2. STRONG ACADEMIC PERFORMANCE

Academic performance correlates with happiness. In fact, the countries that top life-satisfaction rankings also tend to rank among the highest in academic performance. This  helps students take advantage of opportunities and options in the future, which will influence their prosperity, freedom, and security, all of which contribute to quality of life. 

On the other hand, a society with strong human capital will be more prosperous and functional, which will improve social well-being. For this reason, it is advisable to draw inspiration from the models followed by the countries and schools with the best academic performance, and even try to improve on them. It is also important that academic education be oriented both toward the student’s intellectual development and, above all, toward their future professional life and, where applicable, business life. This includes developing practical skills, such as creativity.

As instructional hours are limited, and the challenge of achieving solid academic, emotional, values-based, and wealth-generation training requires time, these types of schools remove everything that contributes little, such as Latin.

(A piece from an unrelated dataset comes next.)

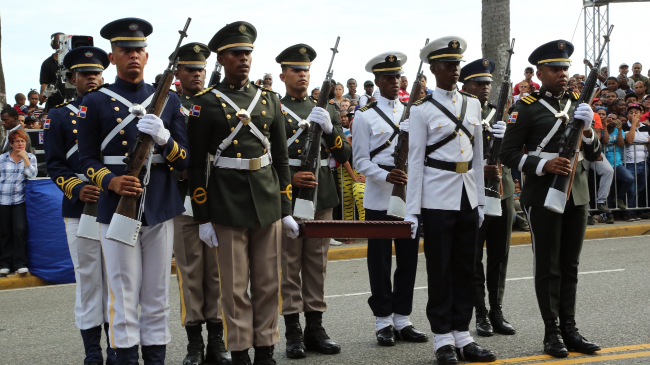 Grupo mixto de cadetes de los cuerpos castrenses, portadores del trabuco histórico que utilizó el patricio Matías Ramón Mella en la Puerta de la Misericordia, para anunciar a los dominicanos y al mundo la Independencia Nacional.
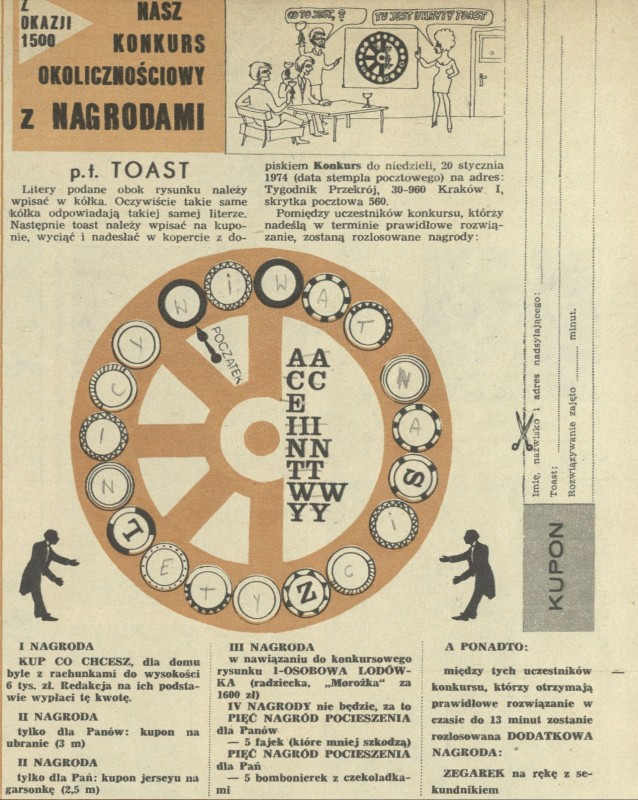 Archiwum / Konkurs nr 1500 (01/1974) 5/5 Podziel się Tytuł Z okazji 1500 nasz konkurs okolicznościowy z nagrodami p.t. Toast Rubryka Konkurs Artykuł z numeru 1500 (1/1974) Data wydania 6 stycznia 1974 Tagi jubileusz konkurs nagrody

Another key factor in achieving strong academic performance is the quality of the teaching staff, which depends largely on their motivation, talent, and training. Therefore, a proper teacher selection process by schools is essential.

Read more… 

3. EMOTIONAL EDUCATION

Emotional education can have an impact on students’ well-being, especially if it involves sufficient training over the years in the various facets of the person that make up well-being: awareness (meditation), thoughts, emotions, bodily expressions, behaviors, and needs… read more… 

Such emotional training includes social skills, such as practicing empathy, cordiality, respect, communication skills, assertiveness, etc. All of that training is enough to produce profound changes in students’ brains. This is one of the best gifts a school can offer them, as it will be useful throughout their lives.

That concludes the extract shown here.